Desde su fundación, el Fotobservatorio del Patrimonio Fotográfico Mexicano se ha distinguido por su coherencia con el modelo de gestión de conocimiento que identifica a un observatorio social. Concebidos como organismos de creación colectiva, los observatorios son estructuras especializadas en un sector específico, que centran sus actividades en recopilar información comunitaria para transmutarla en conocimiento.
Y así ha funcionado el Fotobservatorio desde su inicio en 2005. Impulsado por la mediadora fotográfica Gabriela González Reyes –cofundadora de la plataforma de fotografía Hydra y subdirectora del Centro de la Imagen durante los primeros años de su operación, de 1994 a 1999–, tiene la misión de “contribuir a la instalación, mantenimiento, desarrollo y mejora de los archivos o acervos fotográficos de México”.

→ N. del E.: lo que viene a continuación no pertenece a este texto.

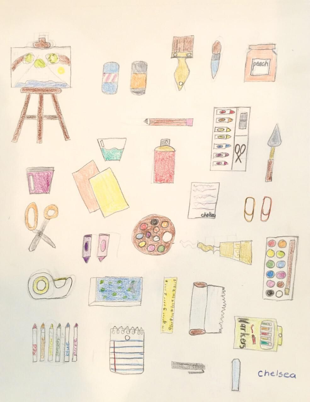 Chelsea Lee is 8 years old. This is her first time taking online class with her mother and she enjoyed it very much. Chelsea completed the artworks in this exhibit using colored pencil, watercolor, and acrylic paint. She said: “I like art because I can be creative and make beautiful artworks. I like to use color-pencils because it won’t leak through like markers and it is easier than other mediums; it is more focus on drawing which I like it better.”

Autónomo en su operación, el Fotobservatorio se articula a través de una instalación electrónica que, a manera de un repositorio, concentra datos de archivos que se adhieren de manera voluntaria, comparte experiencias y fomenta saberes especializados para el resguardo, catalogación, conservación y gestión fotográfica. (https://fotobservatorio.mx/)
Del lunes 12 al sábado 17 de abril –en intensas sesiones de 10 horas de duración que se transmitieron en vivo a través de Facebook–, realizó un foro que abordó temáticas relacionadas con registros de archivos, prácticas para la preservación y divulgación, estrategias para homologar normas de catalogación, y políticas sobre el uso y difusión de las imágenes. Este último punto, especialmente útil, fue tratado la tarde del miércoles 14 por la gestora de propiedad intelectual Lourdes Padilla Cabrera quien, después de cuestionar las modificaciones a la Ley de Derechos de Autor que se aprobaron el año pasado, respondió distintas preguntas sobre la complejidad de reproducir tanto imágenes autorales como procedentes de la web. (https://www.facebook.com/fotobservatoriomx/videos/842352133159538)

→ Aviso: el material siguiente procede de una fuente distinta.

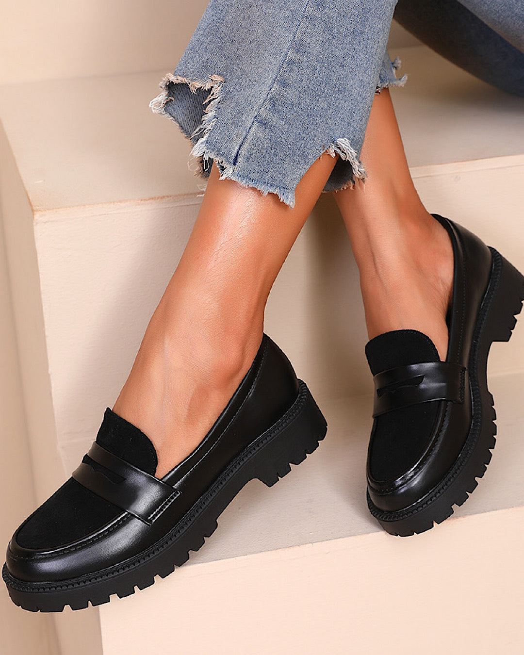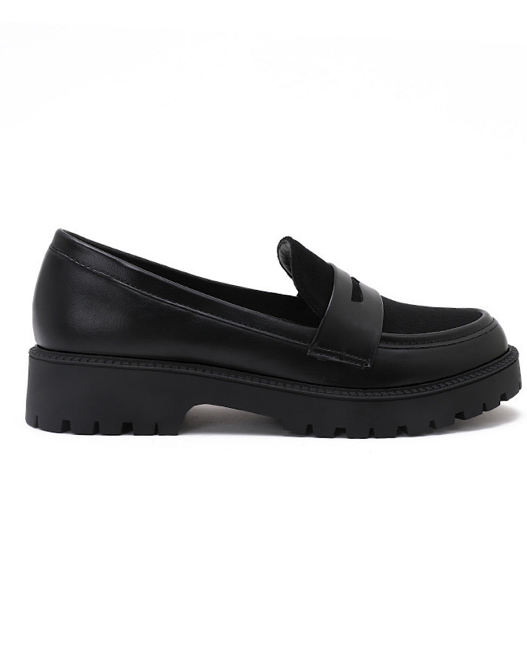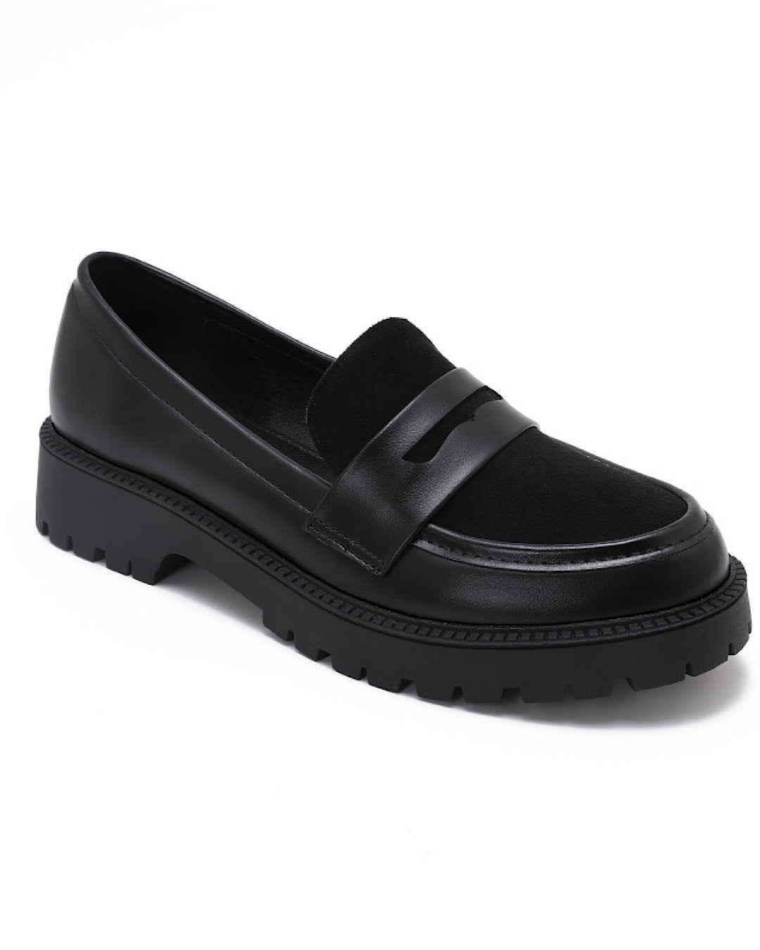 Expertly crafted with elegant black faux leather, these chunky loafers are the perfect slip-on shoe for any occasion. Their sleek design offers both style and comfort, making them a versatile addition to any wardrobe. Whether dressing up or down, these loafers are sure to elevate your look.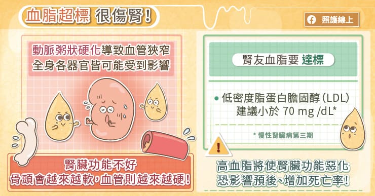 掌控血脂 預防翹翹板效應 |2021.10.07 語音朗讀 1440觀看次 字級 大 中 小 控制三酸甘油脂TG後,低密度脂蛋白膽固醇LDL-C可能爬升,兩者的關係就像翹翹板一樣。圖/unsplash 【本報台北訊】四十多歲的李先生是位上班族,多年的糖尿病讓他的腎臟功能變得比較差,而且高血脂的問題也讓他相當在意。「醫師,我的三酸甘油脂TG之前都很高,吃藥一段時間後,三酸甘油脂已經漸漸達標」李先生拿著一疊抽血報告,憂心地問:「可是,最近驗的低密度脂蛋白膽固醇LDL-C卻愈爬愈高,為什麼會這樣啊?」「這個現象叫做翹翹板效應,臨床上還蠻常見的。」高雄長庚醫院腎臟科楊智超醫師指出,「腎臟功能較差的患者,心血管疾病的風險較高,不僅低密度脂蛋白膽固醇LDL-C要達標,也同時要考慮到病人更常會合併高三酸甘油脂以及偏低的高密度脂蛋白膽固醇HDL,需要更積極的治療來控制混合型高血脂的問題,不過,控制三酸甘油脂TG後,低密度脂蛋白膽固醇LDL-C可能爬升,兩者的關係像翹翹板一樣。」圖/unsplash經常被稱為「壞膽固醇」的低密度脂蛋白膽固醇LDL-C若是超標,對心血管相當不利,對於慢性腎衰竭的病人來說,偏高的三酸甘油脂更是反映出這些低密度脂蛋白膽固醇的顆粒比較小,楊智超醫師說,顆粒愈小的低密度脂蛋白膽固醇可以用地溝油來比喻,因為更容易會造成粥狀動脈硬化斑塊(plaque)。為了解決這樣的問題,可以併用不同機轉的藥物,幫助患者改善血脂肪的質與量,以免顧此失彼。血脂超標,傷心又傷腎!高血脂是極為常見的問題,常用的指標包括三酸甘油脂(TG,triglycerides)、高密度脂蛋白膽固醇(HDL-C,high-density lipoprotein cholesterol)、低密度脂蛋白膽固醇(LDL-C,low-density lipoprotein cholesterol)。楊智超醫師解釋,僅膽固醇過高,稱為「高膽固醇血症」;僅三酸甘油脂過高,稱為「高三酸甘油酯血症」;若是兩者皆超標,稱為「混合型高血脂症」。有些膽固醇高得很離譜的患者,皮膚上會出現「黃色瘤」,一顆顆像米粒大小,黃色或橘黃色的丘疹,楊智超醫師提醒,大多數患者在血脂超標時往往沒有明顯症狀,需要抽血檢驗才能察覺,千萬不能因為沒有症狀而輕忽高血脂的危險性。高密度脂蛋白膽固醇HDL-C是好膽固醇,至於低密度脂蛋白膽固醇LDL-C與三酸甘油脂TG超標時,可能產生粥狀動脈硬化,導致血管狹窄、阻塞,使心臟、腎臟、腦部等各個器官的功能受到影響。慢性腎臟病或者接受透析的病人,大概50%都有糖尿病,是最高心血管風險的病人,歐美心臟學會所發佈的治療指引都認為對這一個高風險的族群,治療要愈來愈積極。楊智超醫師解釋,腎臟病患者還有一個較特別的現象「高血磷」,可能進一步讓血管鈣化。因為腎臟功能不好,無法排除體內的磷,當血中的磷升高,會刺激副甲狀腺素分泌,副甲狀腺素上升則讓骨頭釋放出鈣和磷。除了導致骨質疏鬆,多餘的鈣和磷會沉積在血管壁,使血管鈣化。地溝油的存在也會進一步的促進這樣的血管硬化和骨質疏鬆的現象。「腎臟不好,骨頭會愈來愈軟,血管則會愈來愈硬!」楊智超醫師說,高血磷將衍生骨質疏鬆、骨折、血管鈣化等多種併發症,都會影響慢性腎臟病患者的預後及死亡率。大家對於低密度脂蛋白膽固醇LDL-C都很熟悉,因為是不好的,所以可以叫它為回鍋油,不過低密度脂蛋白膽固醇LDL-C其實還可以分為大顆粒、中顆粒、小顆粒,楊智超醫師用淺顯易懂的比喻解釋,「小而緻密的低密度脂蛋白膽固醇(sdLDL-C,small dense low density lipoprotein)」常見於慢性腎衰竭尤其是合併糖尿病的病人身上,就像是地溝油,地溝油相較回鍋油更加劣質,對身體造成更壞的影響,也就是說當sdLDL-C在血液中滯留更長的時間時,更容易被巨噬細胞吞下去形成泡沫細胞,就會對心血管造成危害。因此,在治療高血脂時,除了關心低密度脂蛋白膽固醇LDL-C,也希望可以降低小而緻密的低密度脂蛋白膽固醇sdLDL-C。積極治療,預防翹翹板效應根據治療指引,對於高血脂的建議愈來愈積極,楊智超醫師說,針對慢性腎臟病第三期的患者,便建議將低密度脂蛋白膽固醇LDL-C控制到70 mg/dL以下;針對慢性腎臟病第四期進入透析、心血管風險更高的患者,甚至建議降到55 mg/dL以下。愈來愈多證據顯示,積極控制高血脂對患者有保護效果,目前已有多種藥物可以使用。臨床上常見到患者的低密度脂蛋白膽固醇LDL-C達標,但是三酸甘油酯TG依舊比較高,楊智超醫師說,我們都會積極處理,以降低相關風險。「使用降三酸甘油酯TG的藥物時,患者的低密度脂蛋白膽固醇LDL-C可能會代償性上升,像翹翹板一樣,」楊智超醫師解釋,「翹翹板效應跟身體的膽固醇生成路徑有關係,你阻斷了一個,另外一個會代償性的上升。如果想要將三酸甘油酯TG壓的愈低,低密度脂蛋白膽固醇LDL-C的上升情形也會更加顯著,這是經常遇到、較為困擾的狀況。」「很多慢性腎臟病患者的三酸甘油酯TG都高到300至400 mg/dL,甚至大於500 mg/dL。三酸甘油酯TG很高時,急性胰臟炎的風險會上升,必須積極控制。在降低三酸甘油酯TG的過程中,若沒有考慮到低密度脂蛋白膽固醇LDL-C上升的話,便會有一點顧此失彼。」,楊智超醫師說,「對於慢性腎臟病的病人合併有混合型血脂異常,要預防翹翹板效應,又希望可以改善血脂的質與量,就得運用不同機轉的藥物。例如含有Niacin成份的複方降血脂藥物,除了藥錠本身有statin,可以有效降低LDL,Niacin不會造成TG的反跳,提供了一個

Divididas en conferencias, mesas de trabajo, reportes regionales y estudios de caso, las participaciones que describieron contenidos de archivos específicos resultaron tan atractivas como interesantes. Subdivididos en fondos que corresponden a clasificaciones particulares –origen, tema, técnica–, los acervos tienen la dualidad característica de una colección: son obras con un contenido específico, y también son relaciones de significado con sus propietarios.

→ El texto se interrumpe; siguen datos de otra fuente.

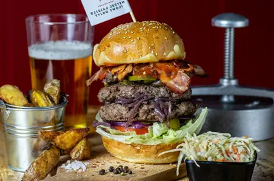 “Restauracja cieszy się wysokimi ocenami głównie za pyszne, soczyste burgery z szerokim wyborem opcji dietetycznych (keto, paleo, wege) i możliwością personalizacji. Obsługa jest chwalona za profesjonalizm i miłą atmosferę, a lokal za klimat i czystość. Pojedyncze negatywy dotyczą smaku niektórych burgerów i dostępności dań.”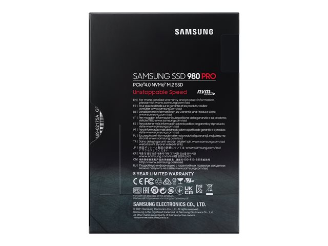 Samsung 980 PRO MZ-V8P500BW - SSD - krypterat - 500 GB - inbyggd - M.2 2280 - PCIe 4.0 x4 (NVMe) - buffert: 512 MB - 256 bitars AES - TCG Opal Encryption - för Intel Next Unit of Computing 13 Extreme Kit - NUC13RNGi5, 13 Extreme Kit - NUC13RNGi7 MZ-V8P500BW
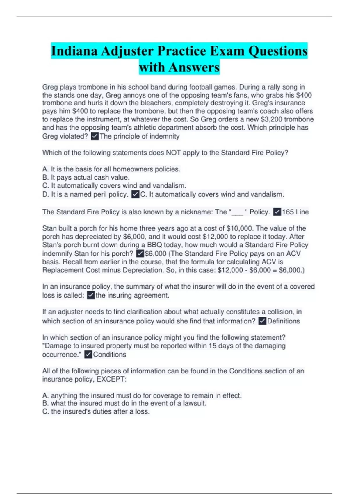 Greg plays trombone in his school band during football games. During a rally song in the stands one day, Greg annoys one of the opposing team's fans, who grabs his $400 trombone and hurls it down the bleachers, completely destroying it. Greg's insurance pays him $400 to replace the trombone, but then the opposing team's coach also offers to replace the instrument, at whatever the cost. So Greg orders a new $3,200 trombone and has the opposing team's athletic department absorb the cost. Which principle has Greg violated? The principle of indemnity Which of the following statements does NOT apply to the Standard Fire Policy? A. It is the basis for all homeowners policies. B. It pays actual cash value. C. It automatically covers wind and vandalism. D. It is a named peril policy. C. It automatically covers wind and vandalism. The Standard Fire Policy is also known by a nickname: The "___ " Policy. 165 Line Stan built a porch for his home three years ago at a cost of $10,000. The value of the porch has depreciated by $6,000, and it would cost $12,000 to replace it today. After Stan's porch burnt down during a BBQ today, how much would a Standard Fire Policy indemnify Stan for his porch? $6,000 (The Standard Fire Policy pays on an ACV basis. Recall from earlier in the course, that the formula for calculating ACV is Replacement Cost minus Depreciation. So, in this case: $12,000 - $6,000 = $6,000.) In an insurance policy, the summary of what the insurer will do in the event of a covered loss is called: the insuring agreement. If an adjuster needs to find clarification about what actually constitutes a collision, in which section of an insurance policy would she find that information? Definitions In which section of an insurance policy might you find the following statement? "Damage to insured property must be reported within 15 days of the damaging occurrence." Conditions All of the following pieces of information can be found in the Conditions section of an insurance policy, EXCEPT: A. anything the insured must do for coverage to remain in effect. B. what the insured must do in the event of a lawsuit. C. the insured's duties after a loss. D. causes of loss that are not covered. D. causes of loss that are not covered. Which of the following statements is true about an insurance policy? It relies on the utmost good faith of both the insured and the insurer. In a __________, only one party is legally obligated to perform. unilateral contract A reciprocal insurer is: an unincorporated organization of subscribers that operates through an attorney-in-fact to provide insurance benefits for its members.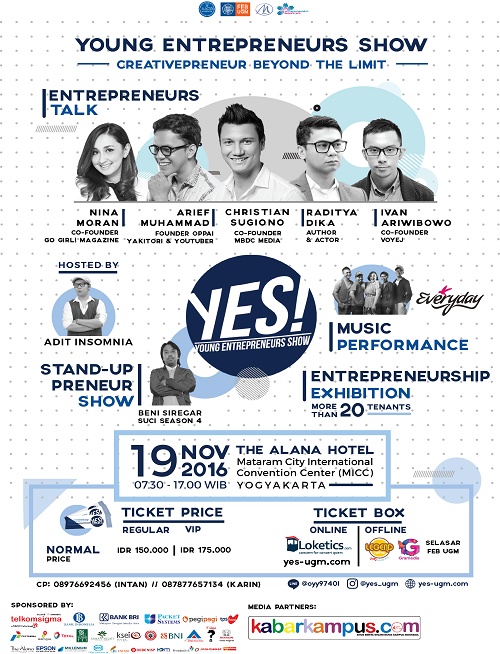 YES! 2016 kali ini hadir dengan rangkaian acara: Entrepreneurs Talk, Acoustic Performance, Stand-Up Preneur Show, dan Entrepreneurship Exhibition. Speakers YES! di tahun ke-4 ini pun tak kalah menarik dibanding tahun-tahun sebelumnya yaitu Ivan Ariwibowo (Co-Founder Voyej), Christian Sugiono (Co-Founder MBDC Media), Arief Muhammad (Youtuber and Founder of Oppai Yakitori), Raditya Dika (Author), dan Nina Moran (Co-Founder of Aprilis.Co)

Uno de los archivos que se presentaron fue el de la revista Proceso. A cargo de José Raúl Pérez, el acervo contiene seis fondos, de los cuales cuatro corresponden a fotografías contemporáneas de prensa –con temas políticos tratados a través de personajes, movimientos sociales de México, protagonistas culturales (el del fotógrafo jalisciense Ricardo Salazar), y espectáculos y deportes–, y dos adquiridos que incluyen un acervo con fotografías de la Revolución mexicana y otro que, bajo el nombre de Guillermo Rodríguez Morales, está conformado con fotografías estereotópicas.
Por la diversidad de sus temáticas y procedencias, el acervo de la Colección Carlos Slim es fascinante. Integrado por diversos fondos entre los que destaca el proveniente de la Imprenta Galas de México –conocida por la impresión de calendarios de estéticas mexicanistas–, el archivo contiene aproximadamente 30 mil piezas de la colección del historiador Guillermo Tovar y de Teresa (1956-2013). Al margen de su contenido icónico, el acervo remite a los gustos, obsesiones y estudios que caracterizaron a quien fue un gran defensor del patrimonio artístico de México. El foro, en su totalidad, se encuentra en: https://www.facebook.com/fotobservatoriomx.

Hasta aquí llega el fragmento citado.